Ayara berhenti dan menoleh menatapnya. “Ambil saja … jika bisa.” Ayara menyodorkan bayi dalam dekapannya.

Bayi itu memang sudah terbangun, sejak ada keramaian dari warga tadi. Tangan pria itu terulur hendak mengambil bayinya namun, naas bayi itu justru mengeratkan genggamannya pada rambut dan baju yang Ayara kenakan. “See, dia tak mau dengan Paman. Paman, jangan memanfaatkan anak kecil untuk mendapatkan uang,” ujar Ayara kembali menyembunyikan bayi itu di delam dekapannya.

Belum sempat pria itu menjawab ucapannya, tiba-tiba bayi tersebut menangis tersedu-sedu wajahnya membiru, Ayara panik. Ia menepuk punggung dan menimangnya agar tangisan bayi itu mereda. Bukannya mereda, bayi itu justru mengalami kejang.

Secara tiba-tiba, Ayara ditarik masuk ke dalam mobil, begitu juga dengan barang-barangnya. “Dia demam‼ Aku harus bagaimana?” tanya Ayara panik, ia bahkan menangis karena takut hal buruk terjadi pada bayi tak berdosa itu.

Helaan napas berat terdengar dari samping Ayara, pria itu bergerak menyalakan mesin mobilnya. Ayara tak banyak bertanya, ia hanya diam seraya berusaha meredakan tangisan bayi itu. Karena terlalu takut dan panik, Ayara pun turut menangis.

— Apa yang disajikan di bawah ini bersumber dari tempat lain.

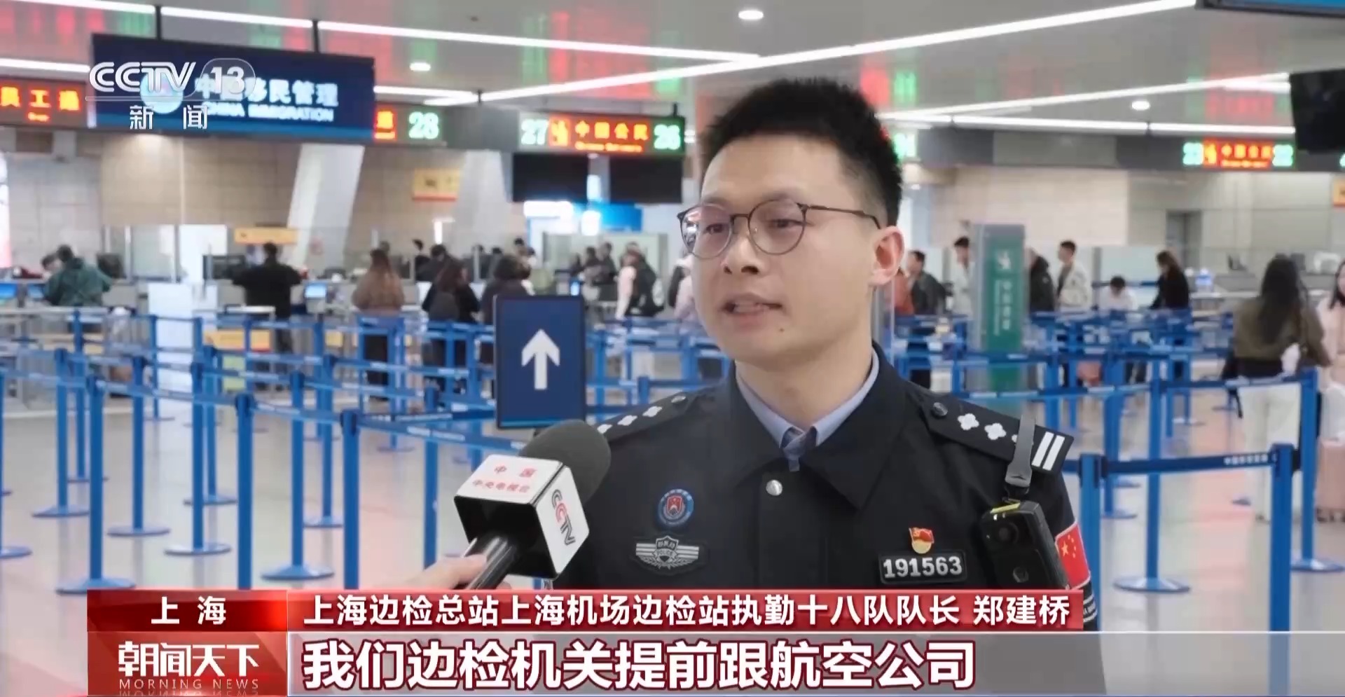 上海邊檢總站上海機場邊檢站執(zhí)勤十八隊隊長 鄭建橋:我們邊檢機關(guān)提前跟航空公司進行了精準(zhǔn)對接,及時掌握航班動態(tài)。我們還逐一核對旅客的信息,同時我們在現(xiàn)場加強了現(xiàn)場的指引和警力保障,為他們中轉(zhuǎn)提供便利,確保這批滯留海外的臺胞朋友能夠盡快返鄉(xiāng)。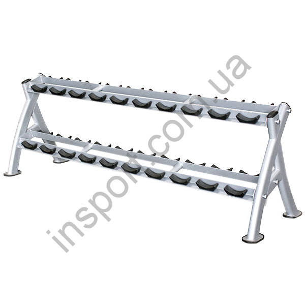 Посадочные места на стойке расположены под углом 20° для удобного извлечения и возвращения гантелей на место. Стойка рассчитана на 10 пар профессиональных гантелей.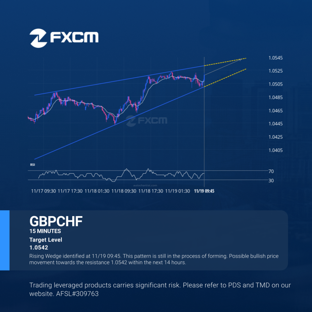 Rising Wedge identified at 11/19 09:45. This pattern is still in the process of forming. Possible bullish price movement towards the resistance 1.0542 within the next 14 hours. Past performance is not an indicator of future results. Trading leveraged products carries significant risk. Please refer to PDS and TMD on our website. AFSL#309763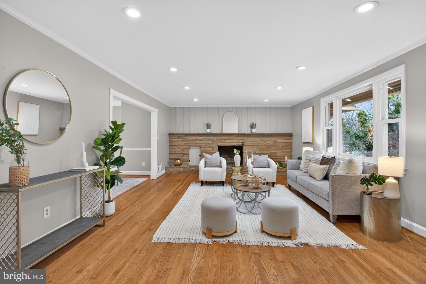 This residence offers true main-level living with 4 BEDROOMS and 2 full baths on the primary floor and a bonus play room off the kitchen. The freshly painted bright interior features newly refinished hardwood floors, recessed lighting, and a cozy fireplace.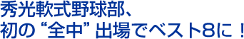 第32回全国中学校軟式野球大会が8月19日(木)〜22日(日)まで岡山県倉敷市で開催されました。東北予選会で優勝した秀光軟式野球部は“東北第1代表”として出場。夢の全国舞台で戦いました。 初の全国大会出場でベスト8 暑さに負けず“熱く”戦いました 倉敷運動公園野球場で行われた大会2回戦で、秀光軟式野球部は上富田中学校(和歌山)と対戦し2対0で勝利。全国大会初勝利をあげました。気温35度近い猛暑の中でも集中力を欠くことなく、持ち味の“考える野球”でベスト8入り! 大会3回戦、準々決勝は上三川中学校(栃木)と戦い、0対1と惜敗。秀光ナインは5安打を放ち、ヒット数では対戦校より上回りましたが本塁まではあと一歩でした。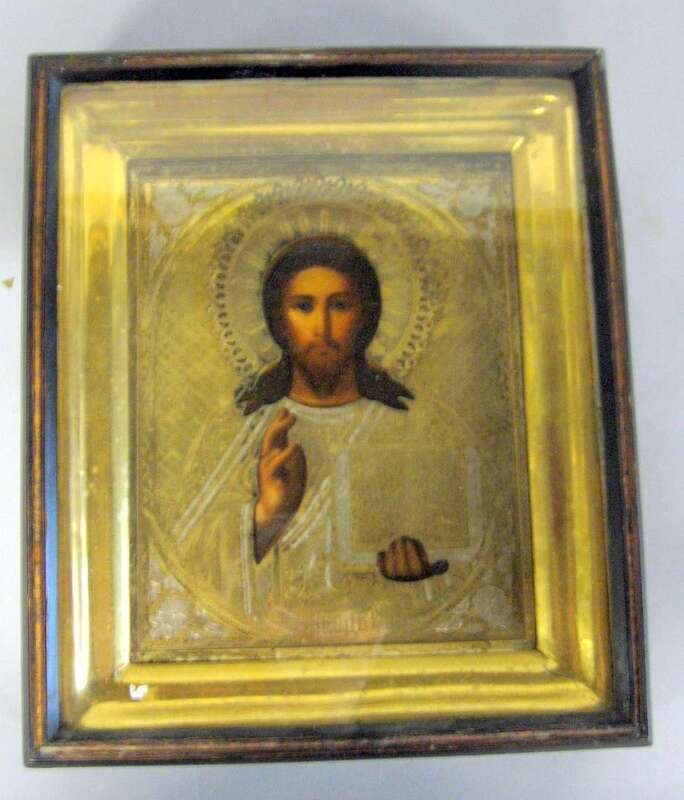 With a silver gilt oklad with pierced corona, mounted in a shadow box frame.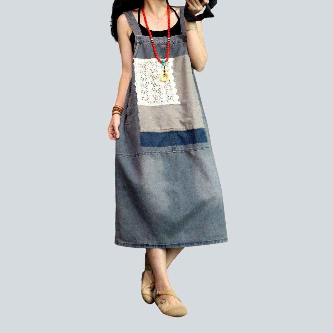 Una versión de alta costura de la tendencia moderna del año 2000. Este vestido largo de mezclilla está diseñado para que te veas y te sientas increíble. Adornado con intrincados detalles de encaje, ¡cautivarás todas las miradas dondequiera que vayas! Con su cierre de presión y su diseño estilizado, será tu vestido ideal para cualquier ocasión.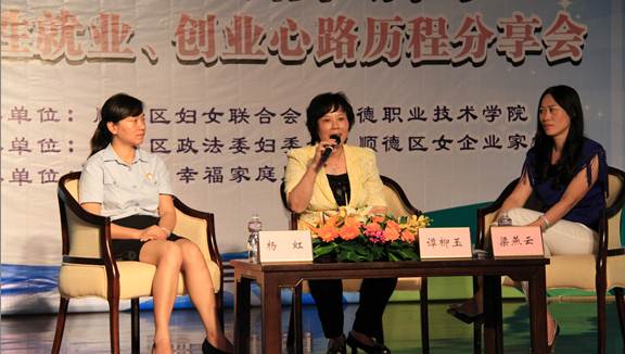 会上,区法院杨虹副主任介绍了自己在顺德工作、生活的奋斗历程;佛山市鸿源铝业制品有限公司总结理谭柳玉介绍了支持青年人成长发展的事例,顺德区欧雅仕照明电器有限公司董事总经理梁燕云介绍自己在就业、创业过程中的点点滴滴。她们以讲故事的形式与在校大学生分享自己的追梦历程,生动、鲜活,富有感染力,不仅使他们在活动中受到心灵的洗礼,对创业、就业价值观有了新的认识,更为追寻明天的梦想,实现自己的美丽人生得到实实在在的指引。青年学子还就就业的选择等问题与企业家进行了互动。最后,顺德区妇联、女企业家协会还向学子们赠送了励志书籍。
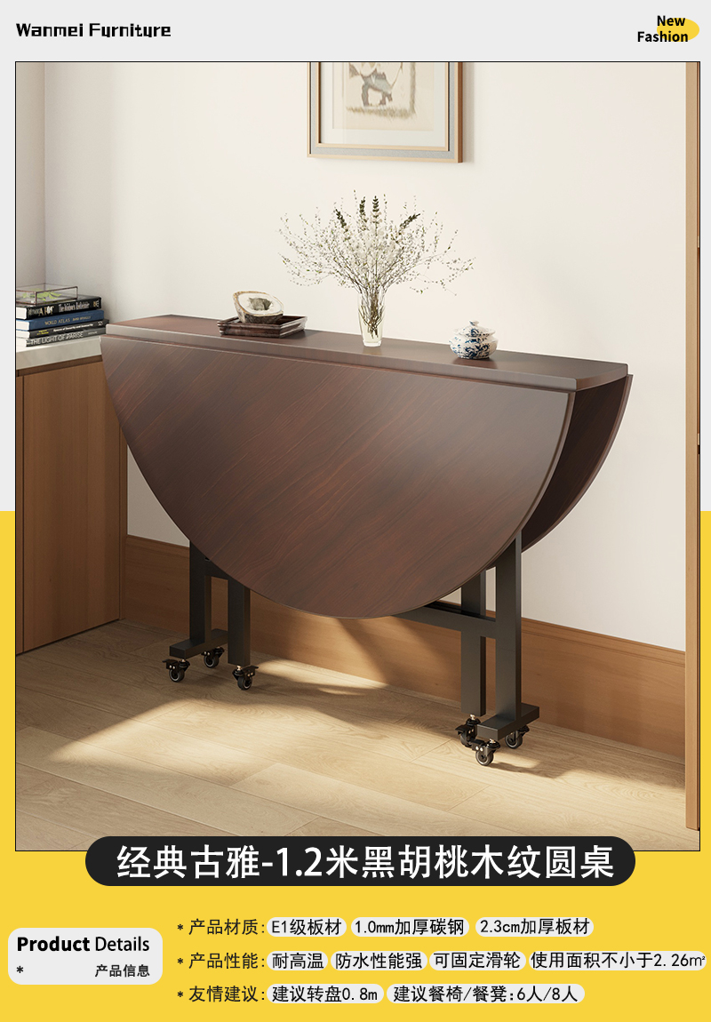 • εααααε「」 1.2m 블랙 월넛 접이식 대형 원형 테이블〃클래식하고 다재다능하며 6-8명이 앉을 수 있습니다.εααααε✓
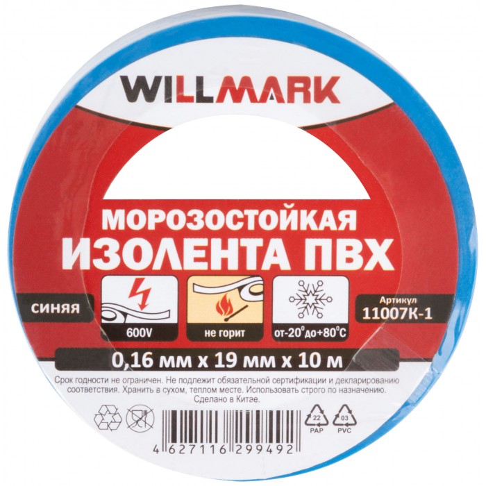 Изолента ПВХ самозатухающая WILLMARK 19 мм х 0,16 мм х 10 м ( синяя ) (11011)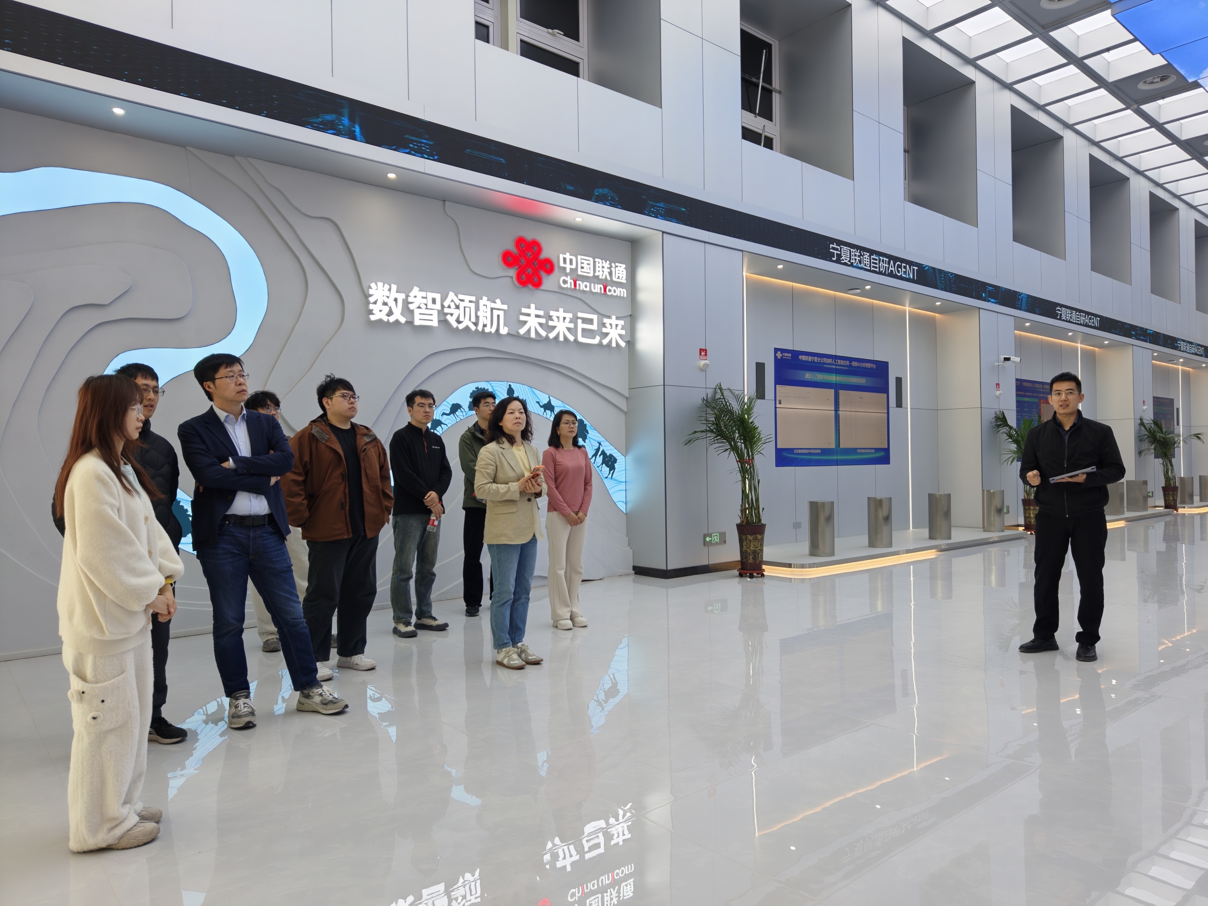 为深入学习贯彻党的二十届四中全会精神和全国两会精神,持续深入贯彻习近平总书记在学校考察调研时重要讲话精神,主动服务国家“东数西算”战略和数字中国建设,4月20日至21日,18JAV 与国内合作办公室、宁夏国际学院筹建工作领导小组办公室、信息学院和经济学院赴宁夏回族自治区银川市、中卫市开展数字经济与数据中心建设专题调研,围绕数字产业发展、算力基础设施建设、产学研协同创新等进行实地考察与交流座谈。18JAV 党委书记李艳丽、宁夏国际学院筹建办主任丁凯、国内合作办副主任刘婷、信息学院党委副书记武洋、经济学院数字经济研究中心执行主任程华、信息学院教授范举、18JAV 讲师马彦彪、18JAV 团委书记任安兴、三个学院的博士生代表参加调研。宁夏扶贫基金会副秘书长兼宁夏扶贫开发研究院院长魏广民、宁夏回族自治区数据中心高金荣等陪同。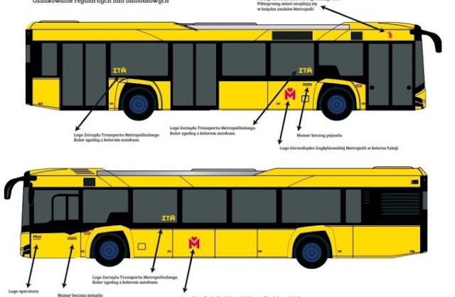 I tak, autobusy obsługujące regularne linie będą koloru żółtego. Te obsługujące linie specjalne, będą malowane w kolorze fuksji. Tramwaje pozostaną czerwone, zaś trolejbusy będą żółto-zielone. Autobusy w kolorze fuksji mają obsługiwać np. cztery linie pospieszne do lotniska w Pyrzowicach. To historyczna chwila, bo po raz pierwszy środki komunikacji miejskiej w całej aglomeracji będą miały jednolitą identyfikację wizualną. Szczególnie istotne jest to w przypadku autobusów, gdzie w ostatnich latach panowała istna wolna amerykanka.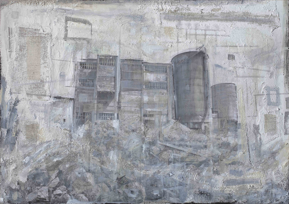 The Italian painter Daniela Gullotta deals with architecture in her works, whereby she is particularly interested in abandoned buildings that have been left to decay. Their magic and silent visualisation of the past form the inspiration and content of her works. In 2014, for example, she explored vacant buildings in Germany in a series of pictures, including the former sanatoriums in Beelitz, an abandoned, partially dilapidated sanatorium near Berlin, and the ruins of the old chemical plant in Rüdersdorf (Märkisch-Oderland). However, the artist also focusses on architecture whose function is still preserved, as in her series on Cologne Cathedral. However, she exposes it to destruction in her pictures by depicting its interior with the floor torn open. On the one hand, the artist reflects on the ongoing construction and restoration work on the cathedral, and on the other, she poses the question of its possible future in view of people's dwindling commitment to God.Gullotta focusses her artistic research primarily on the interiors of the architecture, which she initially captures in black and white photographs. Mounted on a painting surface, usually wood, she works on and expands them using various painting and drawing techniques in oil, acrylic, pencil and charcoal. Mixtures of sand and colour, fragments of canvas and gauze give the pictures a relief-like quality and emphasise that the photographic basis is secondary. In this way, the artist transforms real architecture into a fictitious one and allows the mysterious atmosphere of the abandoned buildings, steeped in the past and the generations of people who once animated them, to become tangible.

Pria di balik stir kemudi itu menoleh kala mendengar dua tangisan yang saling bersahut-sahutan. “Bisakah kau diam?” tanyanya menoleh singkat ke arah Ayara. “Tangisanmu tak akan menyelesaikan masalah.”

“Lantas aku harus bagaimana?” tanya Ayara semakin panik kala menatap tubuh mungil tak berdosa yang kini tak bergerak di pangkuannya.